Hi,
I’m using couchbase 4.1, spark 1.6.2 with spark-connector 1.2.1.
The following code ended with OutOfMemory for large file (more then 50GB):
sc.textFile(file_name)//50G
.map(line =>toJsonObject(line))
.zipWithIndex()//or zipWithUniqueId()
.map(pair=>JsonDocument.create(pair._2.toString, pair._1))
.saveToCouchbase()// OutOfMemory
This problem occurs because of the saveToCouchbase implementation.
Simplified:
rdd.foreachPartition(iter => {
val bucket = CouchbaseConnection().bucket(cbConfig).async()
Observable
.from(OnceIterable(iter))
.flatMap(doc => {bucket.upsert(doc) …/error handling/…})
.toBlocking
.last
})
Sending in Couchbase is slower than reading from a file, leaving the entire partition finally loaded into RAM. (Sorry for my English, if I made a mistake)

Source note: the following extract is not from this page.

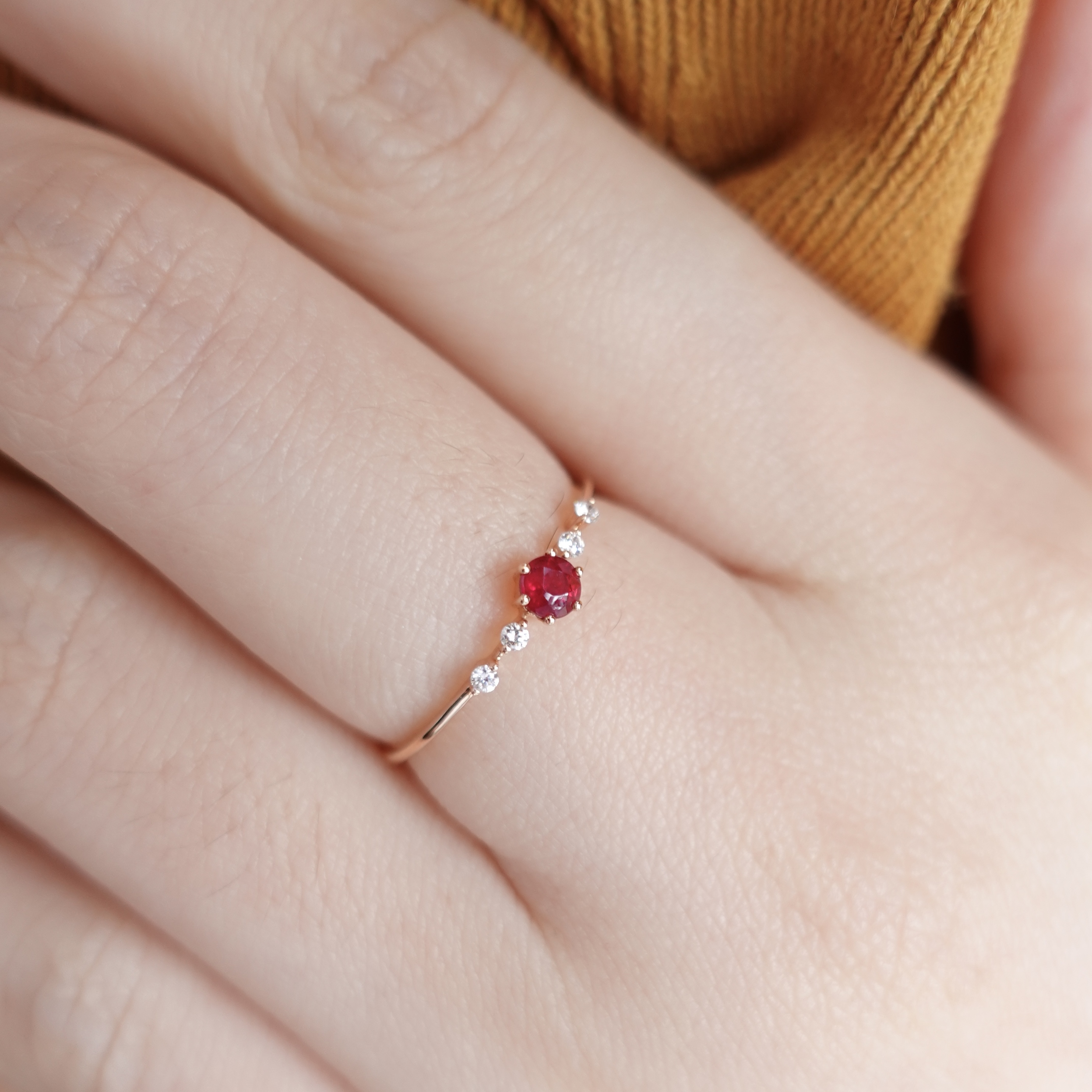 精緻細緻的質感,天然的紅寶石採用刻面切割,閃耀奪目,爪鑲工藝使其更牢固,紅寶主石被左右各兩顆小鑽石團繞,繁星點點,忽閃忽閃的,超美超好看。

A possible solution is rdd.repartition(???).foreachPartition(…)
, but what I have to replace the ‘???’ if the amount of data is unknown?
The following solution works more well:
val asyncPartitionSize = 1000 // user defined
rdd.foreachPartition(iter => {
val bucket = CouchbaseConnection().bucket(cbConfig).async()
iter.grouped(asyncPartitionSize).map(_.iterator).foreach(partIter => {
Observable
.from(OnceIterable(partIter ))
.flatMap(doc => {bucket.upsert(doc) …/error handling/…})
.toBlocking
.toIterable
.iterator
})
.flatten// lazy flatten Iterator[Iterator[T]] to Iterator[T]
.last
})
Thus I was able to save file size of 300 GB on a cluster with a total RAM of 20 GB.
However, the same problem is apparent when reading the data from the Couchbase using ‘CouchbaseView’, and I could not solve it.
I do not have experience with Apache Spark, maybe I missed something?